The three utilities are presented in more detail next.

RM

You will write a program named rm (intended to transparently replace /bin/rm) that moves files to a directory specified by the user using the rename() system call. (Note, you do not (and should not) actually replace the /bin/rm call. Rather, a user can just be sure your new rm appears first in his/her path.) If the file to be removed is on the same partition as the dumpster directory, the file should not be copied but instead should be renamed (or hard-linked). If the file being removed is not on the same partition as the dumpster directory, your rm will copy the file and then delete it (via the unlink() or remove() system call).

If there is a file with the same name already in the dumpster, the new file should receive a .num extension, where num is the next consecutive number (e.g., 1, 2, 3 ...) up to a maximum of 9.

The file permissions, including access times, should be preserved. You can use the stat() system call to gather these values when a new entry must be made, and chmod() and touch() to set them.

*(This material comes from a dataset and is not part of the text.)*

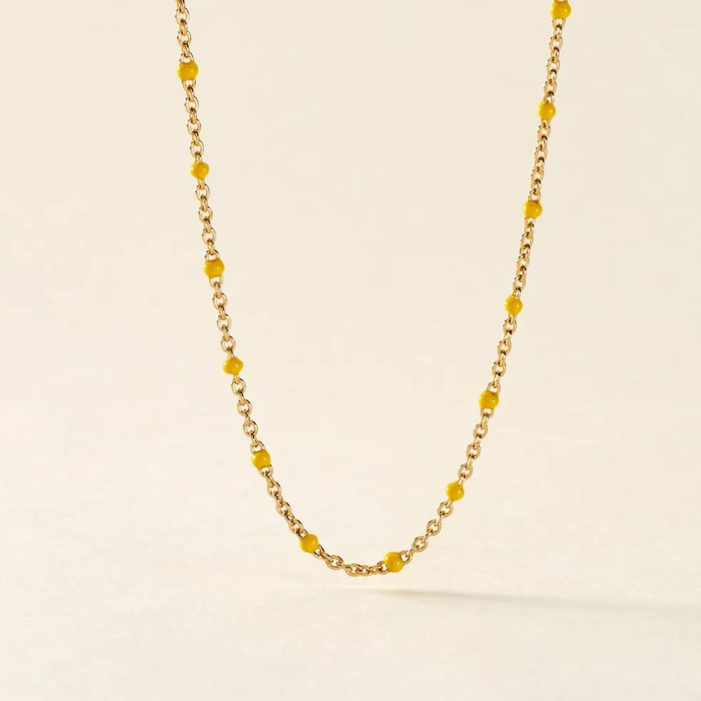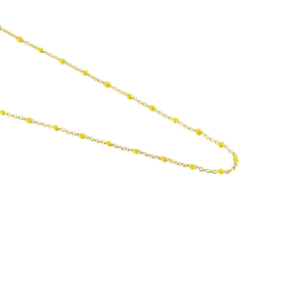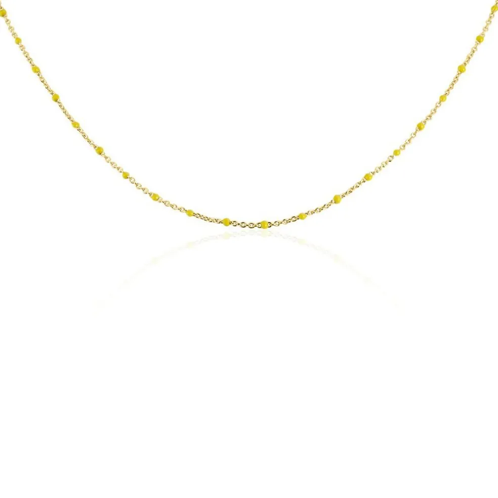 Collier Argent Dore 925/1000 Email Jaune 44cm
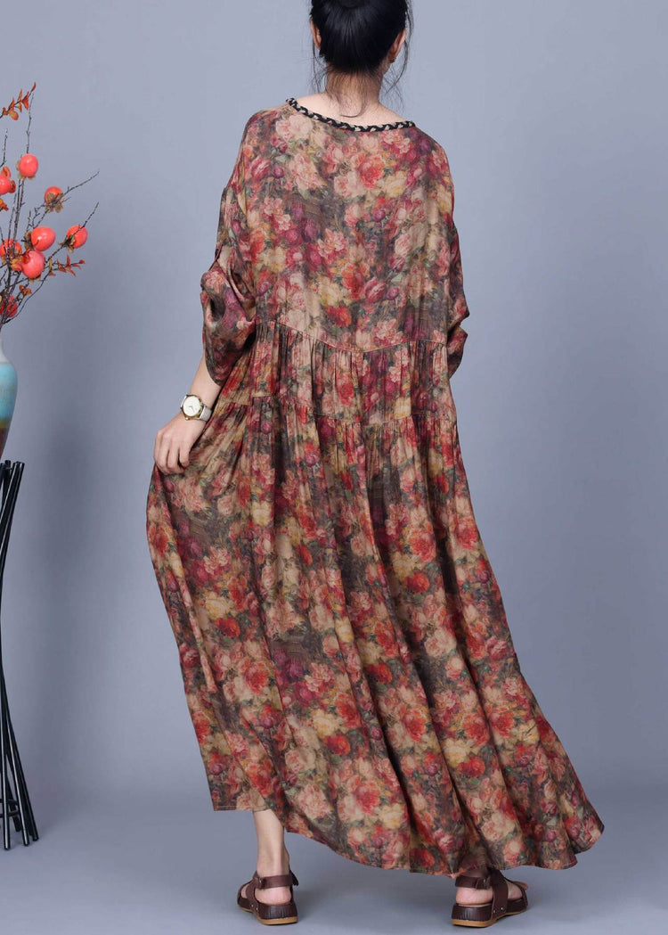 Loose Coffee O Neck Print Wrinkled Silk Long Dress Spring

rm should support the following command line options:

Feel free to support other command line options that you think are useful. For example, you might want a -d option that allows removal to a different dumpster that is specified by name.

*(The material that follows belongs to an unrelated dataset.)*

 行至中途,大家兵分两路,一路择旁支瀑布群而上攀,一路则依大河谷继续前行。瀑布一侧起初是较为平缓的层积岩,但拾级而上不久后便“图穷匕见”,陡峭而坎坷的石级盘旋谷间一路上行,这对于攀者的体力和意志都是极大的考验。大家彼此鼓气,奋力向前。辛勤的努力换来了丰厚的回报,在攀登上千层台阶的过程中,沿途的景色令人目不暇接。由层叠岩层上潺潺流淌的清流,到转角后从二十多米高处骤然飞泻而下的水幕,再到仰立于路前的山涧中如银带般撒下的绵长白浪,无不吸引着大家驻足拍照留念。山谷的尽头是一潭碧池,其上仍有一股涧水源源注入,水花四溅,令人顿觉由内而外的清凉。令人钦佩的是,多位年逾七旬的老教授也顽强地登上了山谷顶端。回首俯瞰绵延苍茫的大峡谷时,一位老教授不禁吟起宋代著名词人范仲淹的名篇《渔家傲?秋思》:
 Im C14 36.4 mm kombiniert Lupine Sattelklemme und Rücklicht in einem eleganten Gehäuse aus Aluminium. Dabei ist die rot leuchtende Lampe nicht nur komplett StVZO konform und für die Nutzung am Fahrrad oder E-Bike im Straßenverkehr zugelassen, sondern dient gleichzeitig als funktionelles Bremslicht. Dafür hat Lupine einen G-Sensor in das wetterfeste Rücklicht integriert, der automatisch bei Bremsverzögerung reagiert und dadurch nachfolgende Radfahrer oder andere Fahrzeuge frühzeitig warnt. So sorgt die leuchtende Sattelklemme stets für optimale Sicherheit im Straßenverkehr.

If the file to be removed is a directory (and the -r flag is given), rm should move the directory and its contents to the dumpster (if the file to be removed is a directory but the -r flag is not given, rm should return an appropriate error message). As for files, permissions and access times should be preserved when removing a directory.

Note, paths are relative to the running rm process, with the exception of that a path that begins with a "/" is absolute. For example, "/tmp/a" is absolute, but "tmp/a" is relative.

DV

You will write a program named dv to (potentially) restore any file that has been "deleted". Your dv looks in the dumpster directory and, if the indicated file is found, moves it to the current working directory (not to the original directory from which it was deleted). You can use getcwd() to obtain the current working directory. If dv is called on a directory, the directory and all of the files inside should be restored.

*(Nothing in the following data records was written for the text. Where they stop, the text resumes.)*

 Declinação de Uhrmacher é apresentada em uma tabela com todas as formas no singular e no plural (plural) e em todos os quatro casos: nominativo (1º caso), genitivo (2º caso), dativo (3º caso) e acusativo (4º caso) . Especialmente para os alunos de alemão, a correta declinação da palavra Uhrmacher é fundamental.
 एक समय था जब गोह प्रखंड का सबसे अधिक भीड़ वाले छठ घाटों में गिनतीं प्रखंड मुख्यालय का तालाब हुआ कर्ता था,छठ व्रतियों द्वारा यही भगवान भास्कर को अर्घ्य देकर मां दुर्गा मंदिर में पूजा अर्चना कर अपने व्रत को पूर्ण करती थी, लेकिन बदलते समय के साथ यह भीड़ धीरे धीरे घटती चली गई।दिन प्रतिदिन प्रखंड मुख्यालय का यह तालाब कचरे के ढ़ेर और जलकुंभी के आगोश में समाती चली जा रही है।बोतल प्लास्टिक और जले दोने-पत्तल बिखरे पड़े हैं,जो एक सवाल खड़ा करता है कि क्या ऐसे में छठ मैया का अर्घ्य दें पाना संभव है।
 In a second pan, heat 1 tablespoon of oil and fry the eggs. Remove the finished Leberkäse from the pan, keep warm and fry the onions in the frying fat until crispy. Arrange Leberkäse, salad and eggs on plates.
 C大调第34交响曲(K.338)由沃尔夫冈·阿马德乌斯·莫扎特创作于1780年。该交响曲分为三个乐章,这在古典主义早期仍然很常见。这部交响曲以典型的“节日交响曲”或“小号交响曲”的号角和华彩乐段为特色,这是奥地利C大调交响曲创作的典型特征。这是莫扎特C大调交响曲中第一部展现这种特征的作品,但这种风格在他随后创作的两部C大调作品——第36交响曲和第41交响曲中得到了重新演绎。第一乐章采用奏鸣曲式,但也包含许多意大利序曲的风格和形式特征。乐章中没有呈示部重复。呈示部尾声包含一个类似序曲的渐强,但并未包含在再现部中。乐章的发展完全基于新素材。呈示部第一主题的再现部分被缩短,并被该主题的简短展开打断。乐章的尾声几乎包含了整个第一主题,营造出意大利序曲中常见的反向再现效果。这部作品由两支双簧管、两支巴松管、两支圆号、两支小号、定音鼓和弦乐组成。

If a file or directory with the same name already exists in the current directory, dv should report an appropriate error message and exit.

The file permissions, including access times, should be preserved. You can use the stat() system call to obtain this information when a new entry must be made.

dv should support the following command line options:

Feel free to support other command line options that you think are useful. For example, you may want to support a -a option that lists (or restores) all files with the same name, but also those with a .1, .2, ... extension.

DUMP

You will write a program named dump to permanently remove files from the dumpster directory. To actually remove files, dump should use unlink() and for directories, rmdir() (or use remove() for either). dump should recursively remove files and directories, as needed, until the dumpster is empty.

dv should support the following command line options:

Feel free to support other command line options that you think are useful.


Hints

You cannot use the system() call at all, nor fork() nor any flavor of exec()! Likewise, no third-party libraries are allowed (e.g., you cannot use the boost libraries.)

For development questions, consider the cs4513 question-answer forum. Both the professor and TA will look to answer all questions there, but students can also answer each other's questions. You may even find your question has been answered already!

For help in parsing command line parameters, you might see get-opt.c which uses the user-level library call getopt(). See the manual pages on getopt for more information.

See stat.c for sample code on how to get status information (using stat()) about a file, including permissions, access time, and directory information.

See env.c for sample code on how to (more easily) access environment variables (using getenv()), such as DUMPSTER.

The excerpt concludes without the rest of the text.